The Congress, by Public Law 100-307, as amended, has called on the President to issue each year a proclamation designating the first Thursday in May as a "National Day of Prayer."

NOW, THEREFORE, I, BARACK OBAMA, President of the United States of America, do hereby proclaim May 7, 2009, as a National Day of Prayer. I call upon Americans to pray in thanksgiving for our freedoms and blessings and to ask for God's continued guidance, grace, and protection for this land that we love.

IN WITNESS WHEREOF, I have hereunto set my hand this seventh day of May, in the year of our Lord two thousand nine, and of the Independence of the United States of America the two hundred and thirty-third.

BARACK OBAMA





This piece is also posted at: http://www.cincinnatibeacon.com

1 comment:

PenMan said...

First, I see what Bronson's problem is, and I think it makes sense: he doesn't like that Obama says one thing and acts one way when it comes to religion when he's campaigning and another way when he's in office. I guess it looks insincere and like a dishonest marketing scheme to get votes.

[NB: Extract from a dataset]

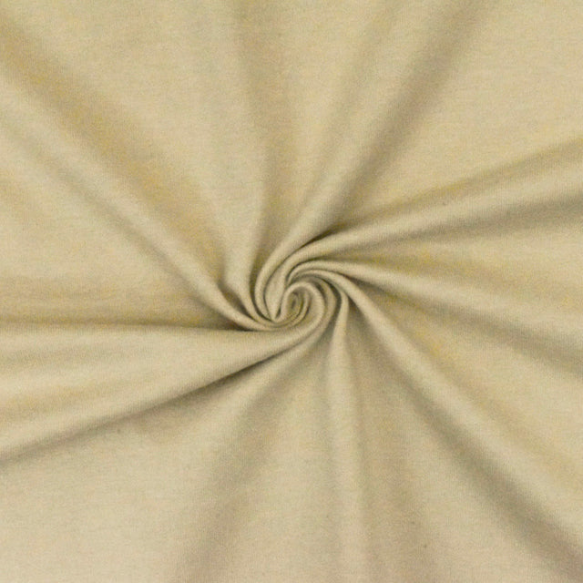 Discover comfort and versatility with this beige cotton jersey knit fabric featuring a soft hand and matte finish. Made from a breathable cotton-spandex blend, it offers horizontal, bias, and slight vertical stretch for excellent fit and movement. This light-to-medium weight opaque fabric drapes well and is ideal for activewear, basic tees, blouses, and dancewear. Machine washable and durable, it’s perfect for everyday wardrobe staples.
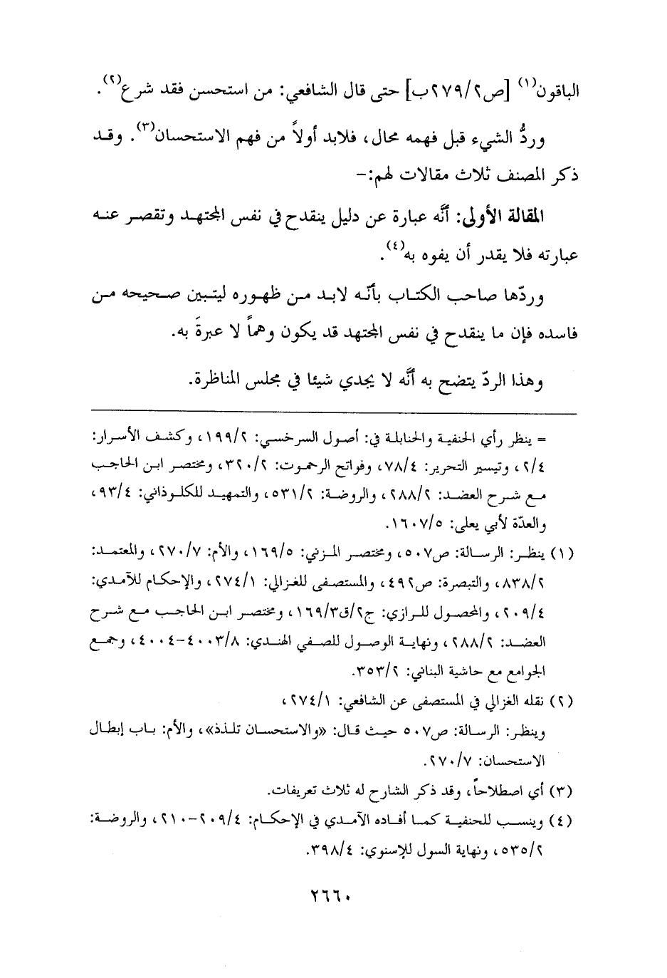 وردُّ الشيء قبل فهمه محال، فلا بد أولًا من فهم الاستحسان (¬٣). وقد ذكر المصنف ثلاث مقالات لهم: -

On the other hand, as a non-believer of any faith (except for materialist-based atheism, I suppose), I don't like this talk about religion being inseparable to society. I can see how morality or ethics is, but not religion. After all, I believe ethics is logically independent of any deity.

Also, I give credit to our founding fathers (though I'm sure it took a lot more people and maybe even some women (oh!) to get this country to work) for their role in founding this country, but there's only so much about them that we have to continue to glorify. Yes, they were Christian, but they weren't like all Christians in this country (after all there's different types), and it's not like they created the perfect product right a way. After all, they were also slave owners. We had to get rid of that, didn't we? They also didn't allow women and non-land owners to vote. Had to strike that down as well, didn't we?

So I don't like that he used this appeal to our founding fathers as a means to discredit Obama. After all, they wouldn't have voted/allowed Obama to be president.